Filmmaker Rob Marshall has spent a long time thinking about “The Little Mermaid.” Nearly five years, to be exact. When speaking to the Oscar-winning director about the 20th anniversary of “Chicago” (and a new deluxe home video release), he offered an update on his live-action redo of the 1989 Disney animated film, due in theaters this May. “I’m very excited to be finishing up after four-and-a-half years,” Marshall said. “It’s a long time.”
Marshall’s version of “The Little Mermaid” stars Halle Bailey in the title role of Ariel, with Jonah Hauer-King as Prince Eric, Melissa McCarthy as Ursula and Javier Bardem as King Triton, with Daveed Diggs voicing Sebastian, Jacob Tremblay voicing Flounder and Awkwafina voicing Scuttle. The first footage from the film, which features new songs from Lin-Manuel Miranda and original composer Alan Menken, was screened at last year’s D23 Expo to a rapturous response.

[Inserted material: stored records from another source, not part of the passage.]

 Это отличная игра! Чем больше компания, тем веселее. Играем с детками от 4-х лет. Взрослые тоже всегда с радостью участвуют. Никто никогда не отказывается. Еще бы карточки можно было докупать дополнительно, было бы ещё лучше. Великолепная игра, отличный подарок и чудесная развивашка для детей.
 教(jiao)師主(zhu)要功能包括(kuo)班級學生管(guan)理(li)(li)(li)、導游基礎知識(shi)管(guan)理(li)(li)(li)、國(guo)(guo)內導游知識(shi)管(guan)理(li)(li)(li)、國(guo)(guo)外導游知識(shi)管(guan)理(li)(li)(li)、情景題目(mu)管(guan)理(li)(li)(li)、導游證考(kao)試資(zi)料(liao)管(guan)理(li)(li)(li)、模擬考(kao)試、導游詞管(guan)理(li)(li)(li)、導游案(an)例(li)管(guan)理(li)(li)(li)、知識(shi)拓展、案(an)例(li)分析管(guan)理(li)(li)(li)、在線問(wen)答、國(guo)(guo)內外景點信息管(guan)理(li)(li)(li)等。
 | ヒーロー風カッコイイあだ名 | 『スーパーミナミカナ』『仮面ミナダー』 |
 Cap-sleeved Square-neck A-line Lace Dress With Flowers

“I’m very proud of the film. It’s the most challenging film I’ve ever done, for sure. No question,” Marshall said. “Using complicated, cutting-edge techniques to make this work. I don’t think anybody’s ever done an underwater musical before. I have to say every single moment of the film had to be choreographed in advance so that we could have a flow to the whole piece. It’s crazy the apparatuses we worked with from wires to things called tuning forks to teeter-totters. Thank God we had the rehearsal time. You always need it on a musical anyway.”
Marshall said that on the “big, massive musical number” for “Under the Sea,” “there’s one live-action person in that piece.” Yowza. “But I did a lot of work in advance with John DeLuca and myself creating these musical sequences, to prep it in advance from storyboards to something called pre-visualization, which is almost like a little mini animated film, so we know how it flowed and how it worked. The prep on this film was insane.”

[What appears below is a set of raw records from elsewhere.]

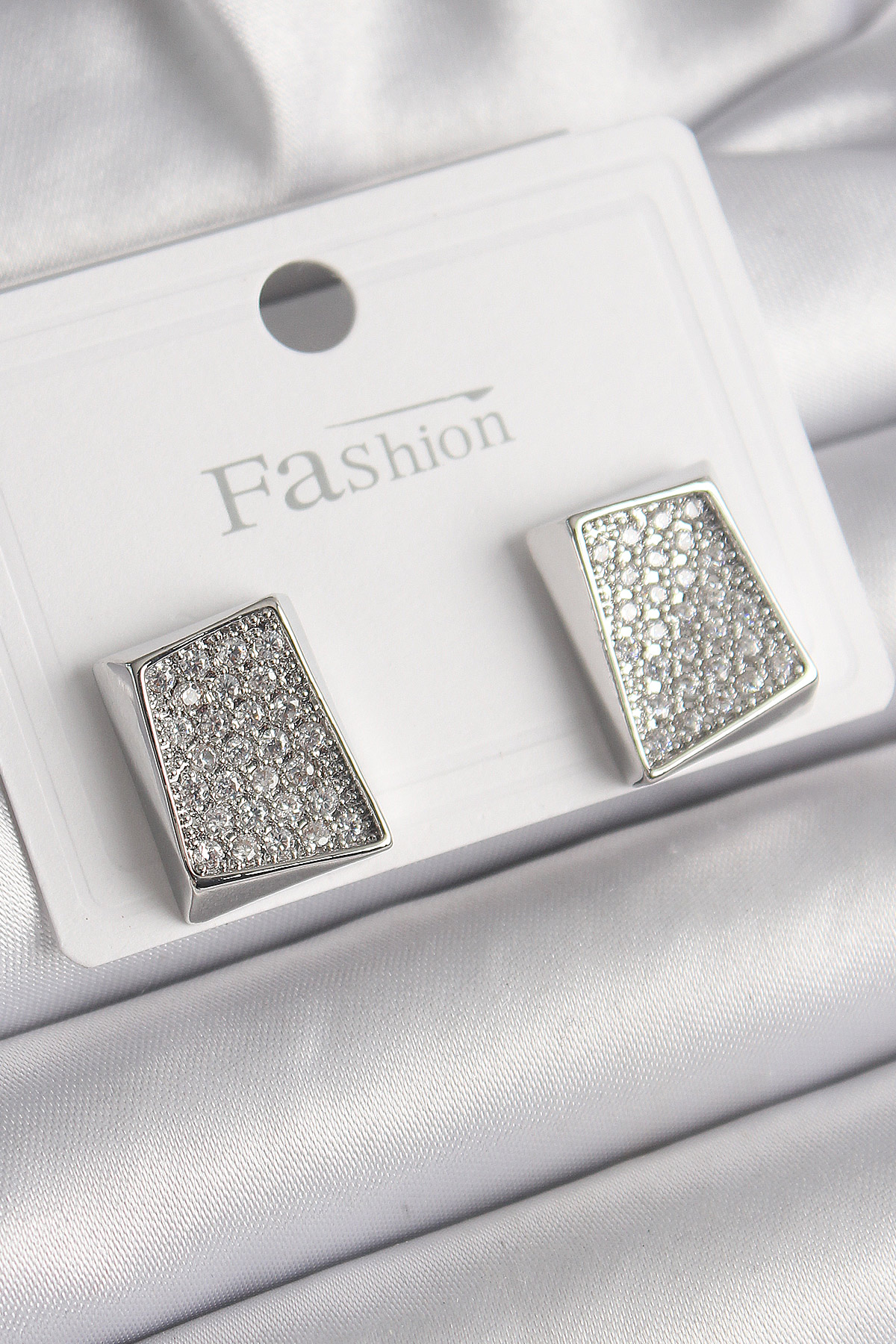 Pirinç Gümüş Renk Zirkon Taşlı Plaka Model Kadın Küpe - TJ-BKP9849
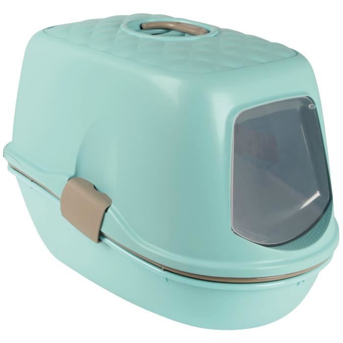 Bac ? liti?re Berto Top avec toit - En plastique - Avec couvercle, trappe et poignée - Filtre ? charbon actif - 2 tiroirs et 1 tamis facile ? utiliser et ? nettoyer - Fermetures Easy Click - Syst?me de déchets indépendant et hygiénique - Dimensions : 39x42x59 cm - Coloris : bleu clair, taupe et granite - Pour chat.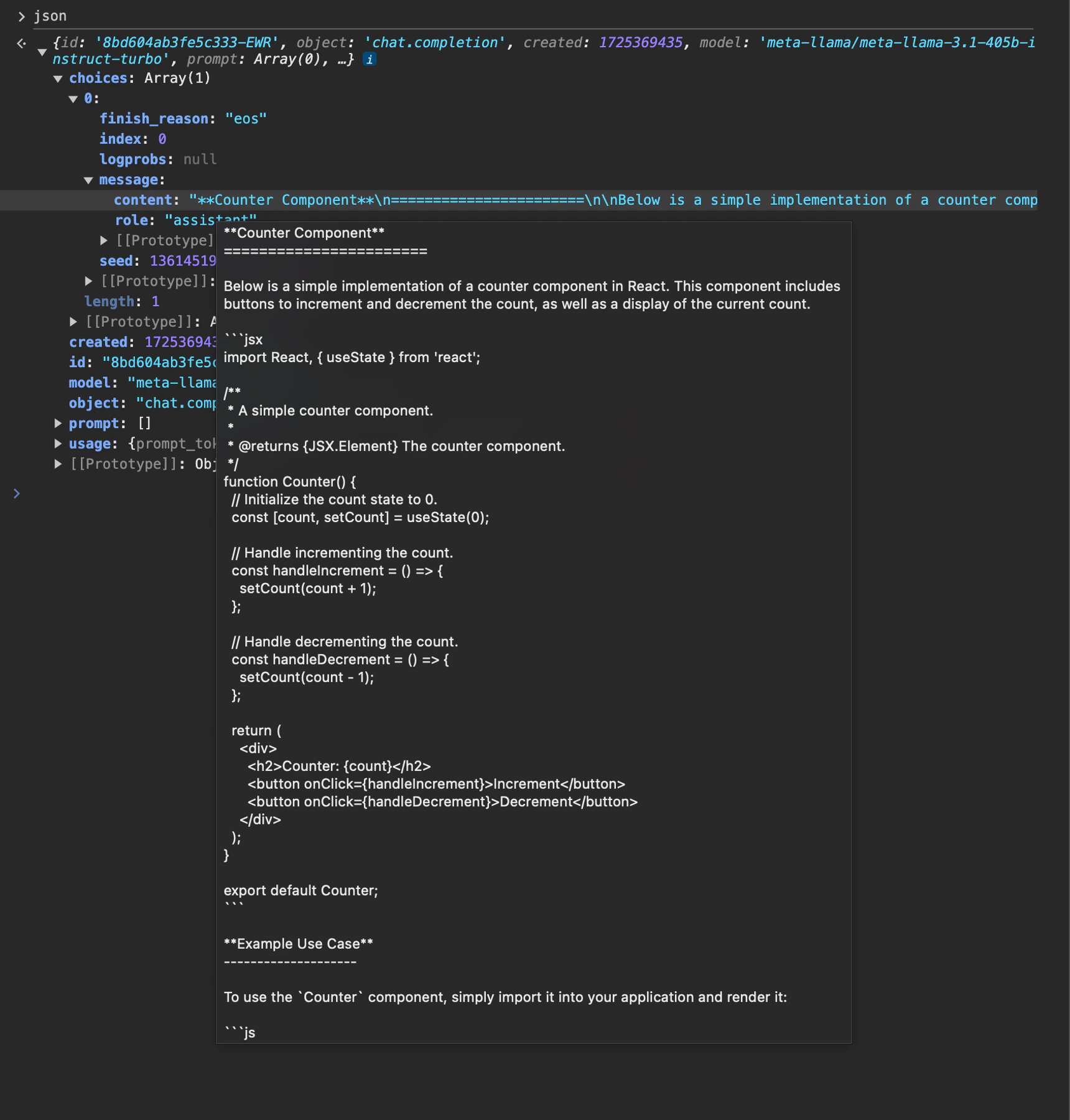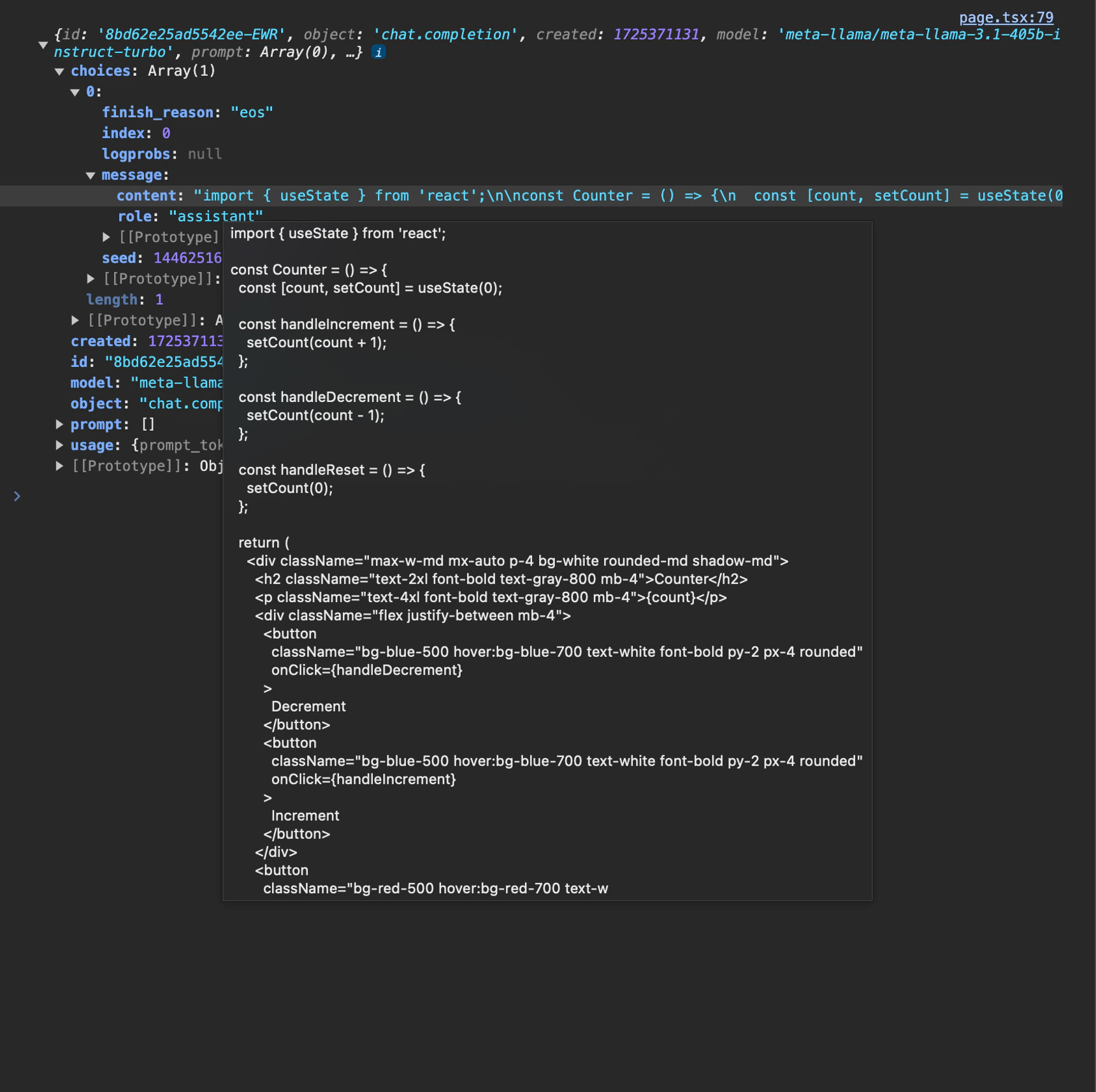 together.chat.completions.create to get a new response from the LLM. We’ve supplied it with a “system” message telling the LLM that it should behave as if it’s an expert React engineer. Finally, we provide it with the user’s prompt as the second message.

But don’t worry. Marshall said, “The post has been insane too.” And it’s easy to forget the scale of movies Marshall has worked on, since after “Chicago” he tackled complicated monstrosities like Disney’s “Into the Woods,” “Pirates of the Caribbean: On Stranger Tides” and “Mary Poppins Returns.”

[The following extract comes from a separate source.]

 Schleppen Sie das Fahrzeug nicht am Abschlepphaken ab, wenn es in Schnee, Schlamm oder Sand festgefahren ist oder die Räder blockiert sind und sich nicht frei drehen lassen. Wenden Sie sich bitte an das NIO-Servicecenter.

“You are creating a world, you’re creating creatures, but it’s very important to me that it feels real – you have to believe, you have to care about them, you have to follow their journey,” Marshall said. “And you shouldn’t be aware. When you see it, I hope you don’t see any of what I just described. You should just believe it’s all happening and it should look easy and seamless, which is the goal.”
“The Little Mermaid” opens exclusively in theaters on May 26.